TANGGAMUS — Bukan memberikan klarifikasi terbuka, Kepala Pekon Kuripan, Kecamatan Limau, Kabupaten Tanggamus, Ansorudin, justru menuding wartawan membuat berita tanpa dasar terkait dugaan penyimpangan pembangunan pasar desa yang dibiayai dana desa tahun 2021 senilai Rp246,8 juta.
Melalui pesan singkat WhatsApp kepada wartawan, Selasa (28/10/2025), Ansorudin menyebut pemberitaan yang beredar tidak berdasar dan bersumber tidak jelas.
“Jangan asal pemberitaan, bang. Sumber tidak jelas. Di situ ada kesepakatan sama Bumdes, sewa sementara dan mengisi kekosongan. Jangan asal tuduh, yang jual material itu warga Kuripan sendiri,” tulis Ansorudin dalam pesannya.
Namun, alih-alih menjelaskan duduk perkara secara detail, pernyataan Ansorudin justru terkesan menyerang jurnalis, bukan menjawab substansi dugaan penyimpangan dana publik yang menjadi sorotan warga.
Respons yang Keliru dan Tidak Substantif
Sikap reaktif kepala pekon itu dinilai tidak menunjukkan etika komunikasi publik dan minim kesadaran terhadap prinsip transparansi pemerintahan desa.
Padahal, publik menunggu penjelasan yang konkret mengenai penggunaan dana desa untuk proyek pembangunan pasar yang hingga kini tidak berfungsi sebagaimana mestinya. Bangunan pasar yang diresmikan oleh mantan Bupati Tanggamus, Dewi Handajani, pada pertengahan 2022 itu kini tampak mangkrak, berdebu, dan sebagian arealnya dimanfaatkan untuk kegiatan non-pasar.
Sejumlah warga menyebut sebagian lahan bahkan digunakan untuk toko bangunan dan proyek dapur program Makan Bergizi Gratis (MBG) yang disebut tidak memiliki dasar kesepakatan publik.
“Kami hanya ingin tahu kejelasannya.
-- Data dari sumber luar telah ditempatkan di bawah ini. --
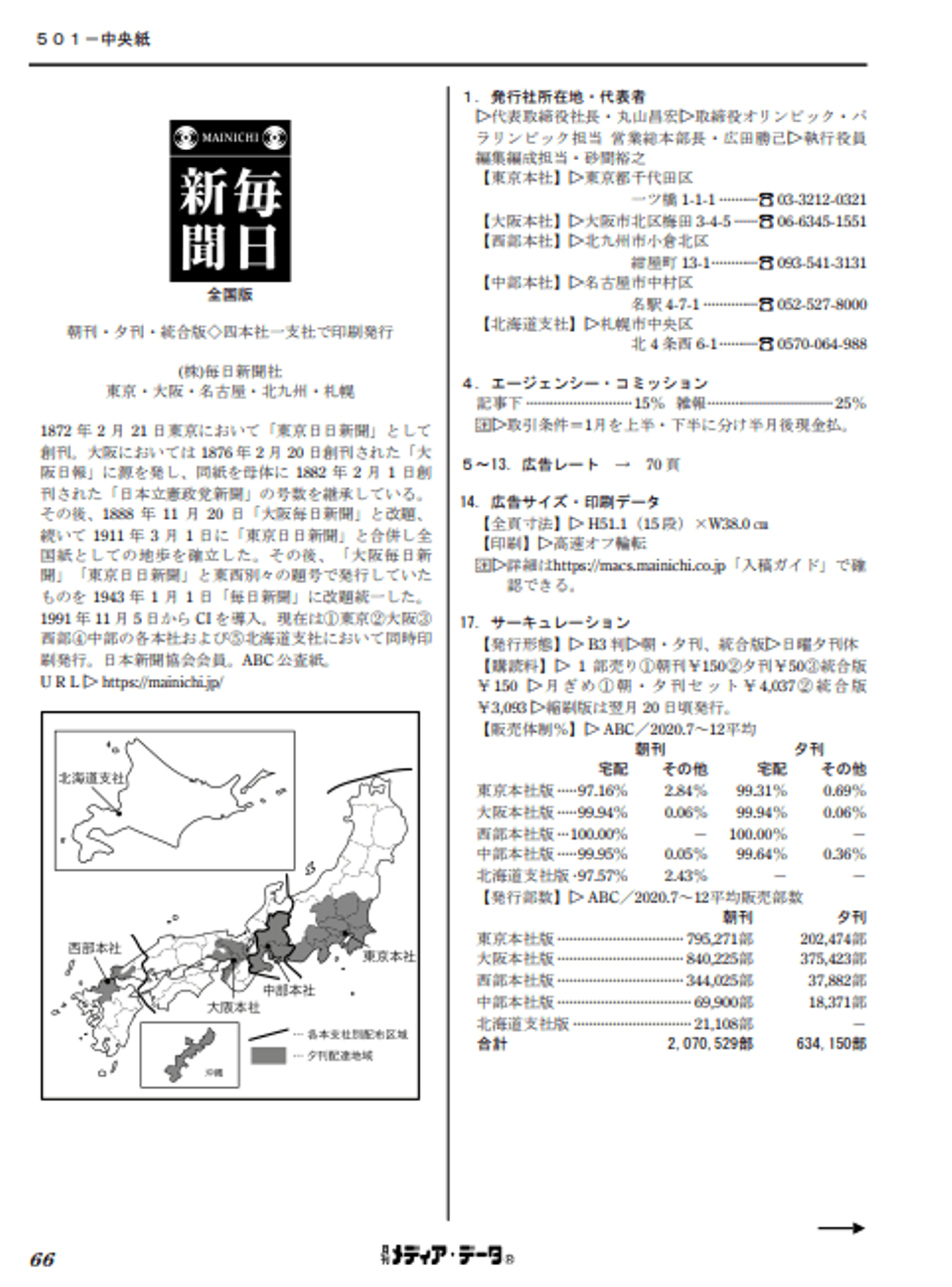 まず1つ目は、マスメディアの媒体情報を網羅した広告媒体資料専門誌「月刊メディア・データ」の出版です。出版にあたり、編集・発行業務、販売管理、媒体への掲載交渉など、業務は多岐に渡ります。メディアの発行部数や読者層、広告料金など、媒体の情報を収集し、それを紙媒体として出版しています。
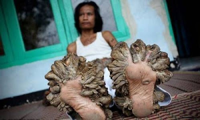 رجل تتحول أطرافه إلى جذع شجرة يحكى بأنّ هناك رجل ذات جنسية إندنيسية يسمى ديدي عمره نحو 37 عاماً يعيش هذا الرجل في جنوب جاكرتا وهويعاني من الإصابة بمرض نادر تسبب في إحداث طفرة جينية في جسده وهذا أدى إلى إصابته بمرض جلدي وراثي قد يتسبب في إصابة جلده بالسرطان ومرضه يسمى نسيج البشرة الثؤلولي وواحده من أعراضه وجود تورم على الجلد مع وجود البقع التي تبدوا ذات مظهر سيئ كما أنّ هناك تقشر دائماً في الجلد مع وجود القرح والصديد مع التقيحات الجلدية الدائمة وهذا المرض النادر يصيب نحو واحد بين كل مليون شخص ولقد كان منهم هذا الرجل الإندونيسي ولقد تعرض هذا الرجل منذ صغره إلى الإصابة بفيروس وهو في الخامسة عشر من عمره وهذا المرض قد تسبب في نقص المناعة المكتسبة لذا فلقد تحولت أطرافه إلى جذع شجرة بالتدريج حيث أنّ اليدين كانتا شبيهتين بالفروع ولقد كان الرجل يشبه الشجرة ولقد كانت وظيفة هذا الرجل في مهنة الصيد ولقد تم إجراء الكثير من العمليات الجراحية لهذا الرجل غير أنّ جميعها قد باء بالفشل حيث أنّ أطراف الشجرة تعود مرة أخرى للنمو ولقد تحسنت حالة هذا الرجل بعدعناية أحد الأطّباء به حيث أنّ الله قد مكنه من إجراء عملية له قد تسببت في التخفيف من حدة ماكان يعاني منه هذا الرجل الشجرة.
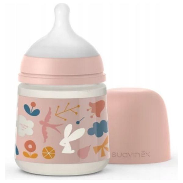 This Suavinex baby feeding bottle features a slow-flow physiological nipple and a pressure-balancing valve to help reduce colic and gas. Designed for newborns, it promotes natural feeding and comfortable handling for caregivers.
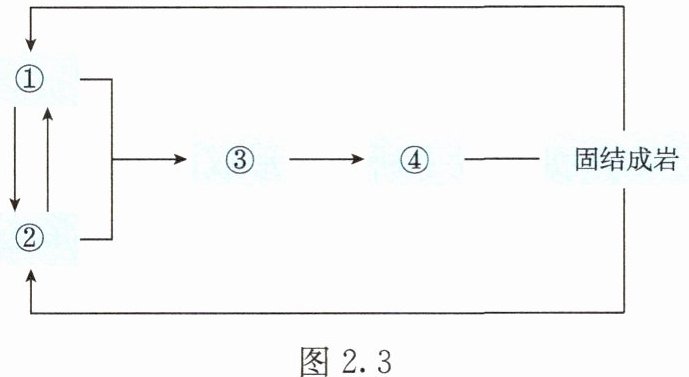 (2)图2.3是风化、侵蚀、搬运、堆积作用的相关示意图,填写对应的外力作用。
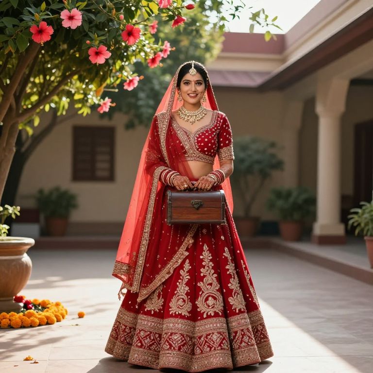 A modern-day bride in a stunning red Banarasi lehenga, posed in a spacious wedding courtyard with blooming hibiscus and marigolds, her face bright and happy, medium-sized nose, full lips, and warm complexion, holding a vintage wooden wedding chest as the afternoon light filters through the leaves.

Pasar dibangun pakai uang desa, tapi sekarang malah tidak berfungsi dan sebagian dipakai usaha pribadi,” ujar salah satu warga Kuripan yang enggan disebut namanya.
Dana Publik, Bukan Milik Pribadi
Menurut catatan anggaran, proyek pasar desa Kuripan masuk dalam program pembangunan dan rehabilitasi kios milik desa tahun 2021 dengan nilai mencapai hampir Rp250 juta. Namun hingga 2025, pasar itu belum pernah beroperasi secara optimal, bahkan tidak tercatat jelas sebagai aset aktif desa.
Kondisi tersebut menimbulkan dugaan bahwa pengelolaan dana desa tidak sesuai prinsip transparansi dan akuntabilitas sebagaimana diamanatkan dalam Permendagri Nomor 20 Tahun 2018 tentang Pengelolaan Keuangan Desa.
Reaksi Kepala Pekon yang terkesan menyerang wartawan justru memperkeruh keadaan dan menandakan lemahnya pemahaman pejabat desa terhadap peran kontrol sosial media.
“Wartawan bekerja berdasarkan fakta dan hak masyarakat untuk tahu. Jika kepala pekon merasa pemberitaan tidak benar, seharusnya membantah dengan data, bukan dengan tuduhan,” tegas salah seorang warga.
Minimnya Kesadaran Keterbukaan Informasi di Tingkat Desa
Kasus Pekon Kuripan ini menjadi cermin masalah struktural dalam tata kelola pemerintahan desa. Di banyak wilayah, keterbukaan informasi publik masih dipandang sebagai ancaman, bukan sebagai kewajiban hukum dan moral.
Padahal, dana desa yang dikucurkan pemerintah pusat setiap tahun mencapai Rp1 miliar hingga Rp2 miliar per pekon dimaksudkan untuk meningkatkan kesejahteraan dan ekonomi masyarakat, bukan menjadi ruang gelap untuk kepentingan pribadi.
Publik berharap, pemerintah kecamatan dan inspektorat daerah segera melakukan audit terbuka terhadap pengelolaan pasar desa Kuripan serta menelusuri aliran dana dan status pemanfaatan lahannya.
“Kalau memang ada sewa atau kerja sama dengan BUMDes, harus ada bukti tertulis, nilai sewanya jelas, dan hasilnya masuk kas desa. Jangan hanya klaim sepihak,” ujar seorang tokoh masyarakat setempat.
Keterbukaan, Bukan Ketersinggungan
Di tengah tuntutan transparansi dan akuntabilitas publik, menuding wartawan bukanlah jawaban, melainkan penghindaran. Kepala Pekon memiliki tanggung jawab moral untuk membuka data dan menjelaskan setiap penggunaan dana publik secara terang kepada masyarakat.
Karena di era digital ini, yang disembunyikan akan cepat terungkap dan yang marah karena dikritik, justru makin memperlihatkan ada yang ingin ditutupi.